So, for proving Abel–Ruffini theorem, it remains to prove that the symmetric group ${\displaystyle S_{5}}$  is not solvable, and that there are polynomials with symmetric Galois group.

### Solvable symmetric groups

For n > 4, the symmetric group ${\displaystyle {\mathcal {S}}_{n}}$  of degree n has only the alternating group ${\displaystyle {\mathcal {A}}_{n}}$  as a nontrivial normal subgroup (see Symmetric group § Normal subgroups). For n > 4, the alternating group ${\displaystyle {\mathcal {A}}_{n}}$  is not abelian and simple (that is, it does not have any nontrivial normal subgroup). This implies that both ${\displaystyle {\mathcal {A}}_{n}}$  and ${\displaystyle {\mathcal {S}}_{n}}$  are not solvable for n > 4. Thus, the Abel–Ruffini theorem results from the existence of polynomials with a symmetric Galois group; this will be shown in the next section.

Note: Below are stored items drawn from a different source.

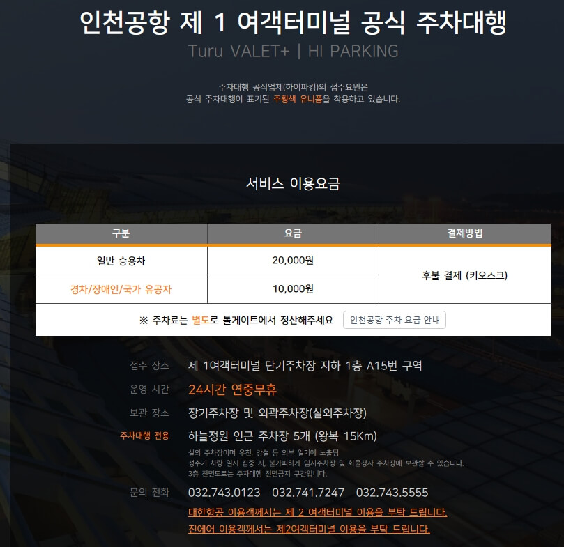 인천공항 발렛파킹예약 주차대행 하이파킹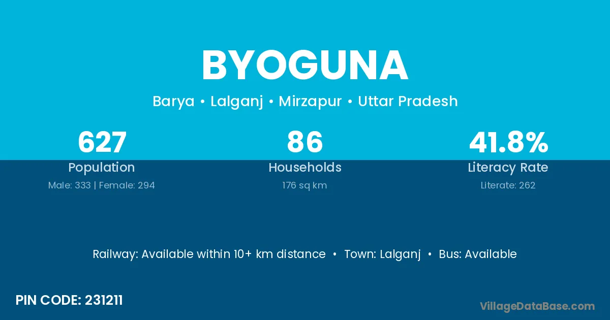 Byoguna village has a total population of 627 people, of which 333 are males and 294 are females.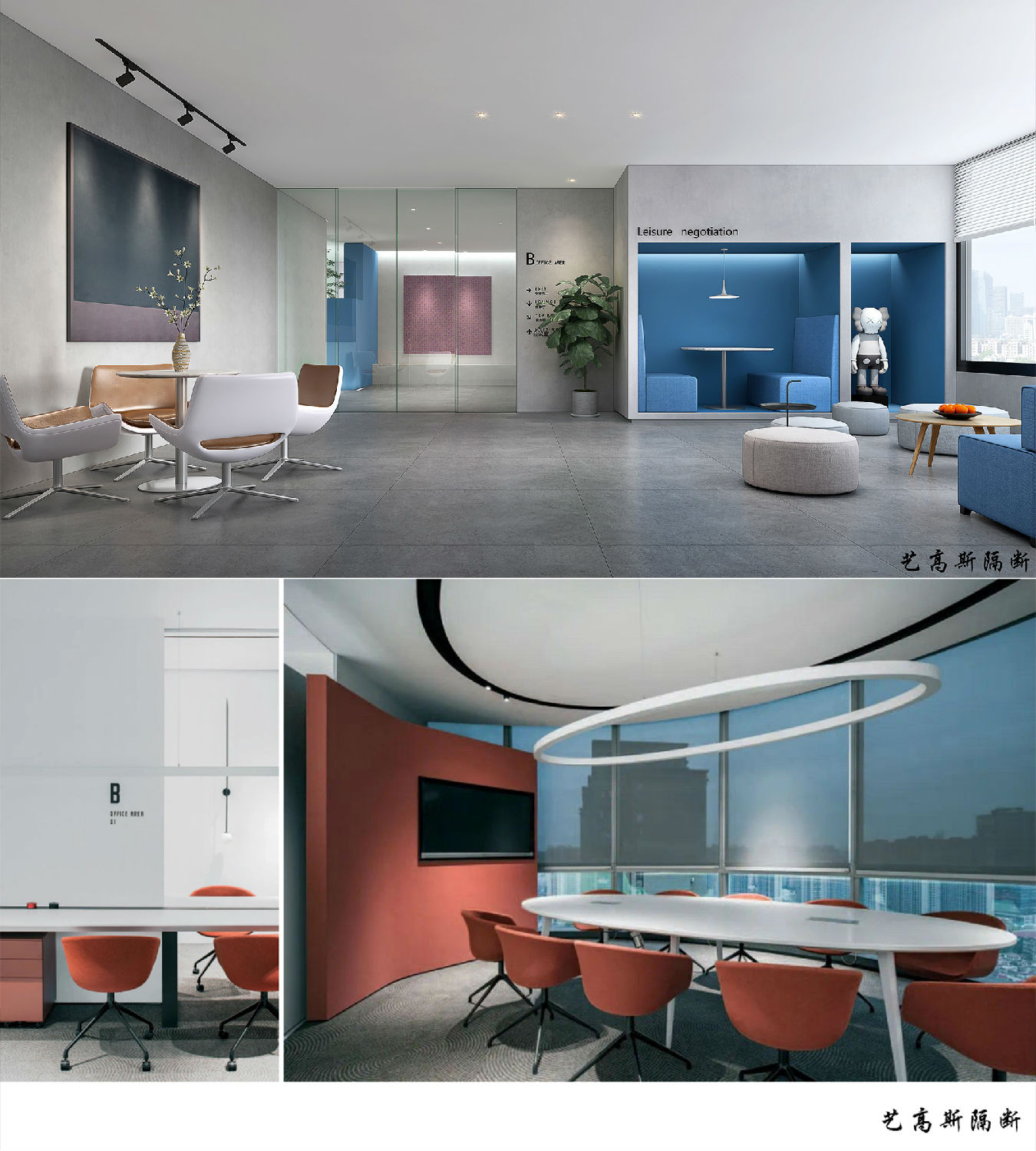 項目整體的設計風格配合了銀灰色係的地板以及深藍色基調的牆板,形成了一個“優雅、時尚、舒適”的辦公場景,全麵提升了辦公室的氣質與形象,增加了員工在工作時的熱情和舒適感。
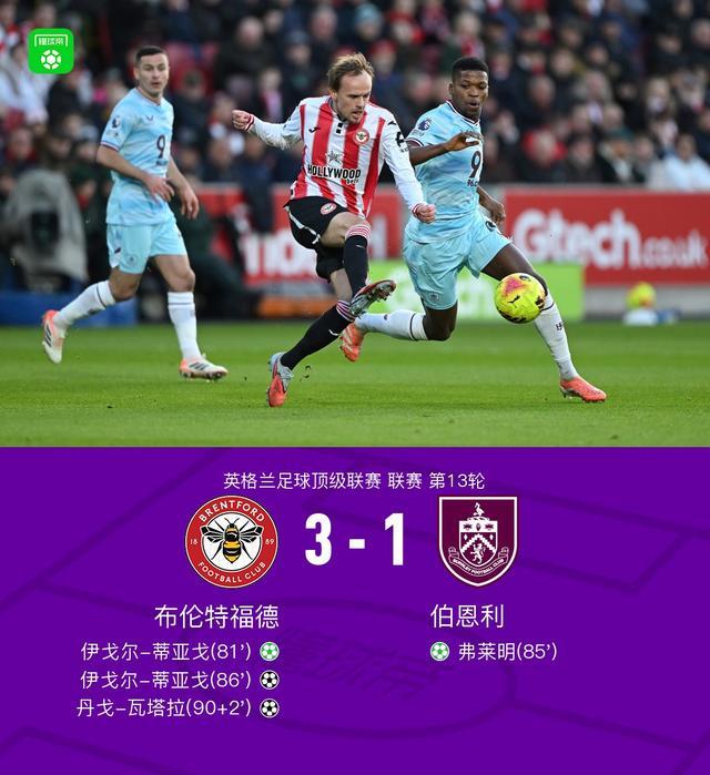 北京时间11月29日,英超第13轮比赛,布伦特福德主场迎战伯恩利。比赛中,布伦特福德凭借蒂亚戈的点球取得领先。随后伯恩利通过弗莱明点球扳平比分。不久之后,蒂亚戈再次进球,主队重新取得领先。比赛进入补时阶段,亨德森助攻,丹戈·瓦塔拉冷静推射锁定胜局。最终布伦特福德3-1击败伯恩利。这场重要赛事第81分钟,图安泽贝进球,伊戈尔·蒂亚戈将球撞倒,布伦特福德1-0获胜。第84分钟,卡约德失误得一分,弗莱明任意球破门,1-1。第86分钟,蒂亚戈梅开二度,布伦特福德2-1。丹戈·瓦塔拉在第90分钟和第2分钟的进球帮助布伦特福德3-1获胜。第14分钟,两队球员登场,战斗一触即发。内森·柯林斯 (Nathan Collins) 试图头球攻门,但球刚刚越过门柱。第21分钟,达姆苏高突破破门破门。球越过了横梁。第34分钟,图安泽贝尝试近距离射门,但皮球被挡住。第49分钟,丹戈·瓦塔拉被判越位,伊戈尔·蒂亚戈进球被判无效。第64分钟,布伦特福德球员抱怨手球,但裁判没有判罚点球。技术统计【英超只见咪咕】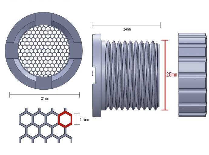 ◯大きさは25mmへサイズアップ!ネット部分はハニカム一体型で穴の大きさも約1.1~1.4mmにバージョンアップ!排水量も十分です。85L、120L〜190Lの超大型の成魚水槽に対応します。

On the other hand, for n ≤ 4, the symmetric group and all its subgroups are solvable. Somehow, this explains the existence of the quadratic, cubic, and quartic formulas, since a major result of Galois theory is that a polynomial equation has a solution in radicals if and only if its Galois group is solvable (the term "solvable group" takes its origin from this theorem).

### Polynomials with symmetric Galois groups

#### General equation

The general or generic polynomial equation of degree n is the equation

${\displaystyle x^{n}+a_{1}x^{n-1}+\cdots +a_{n-1}x+a_{n}=0,}$

where ${\displaystyle a_{1},\ldots ,a_{n}}$  are distinct indeterminates. This is an equation defined over the field ${\displaystyle F=\mathbb {Q} (a_{1},\ldots ,a_{n})}$  of the rational fractions in ${\displaystyle a_{1},\ldots ,a_{n}}$  with rational number coefficients. The original Abel–Ruffini theorem asserts that, for n > 4, this equation is not solvable in radicals. In view of the preceding sections, this results from the fact that the Galois group over F of the equation is the symmetric group ${\displaystyle {\mathcal {S}}_{n}}$  (this Galois group is the group of the field automorphisms of the splitting field of the equation that fix the elements of F, where the spliiting field is the smallest field containing all the roots of the equation).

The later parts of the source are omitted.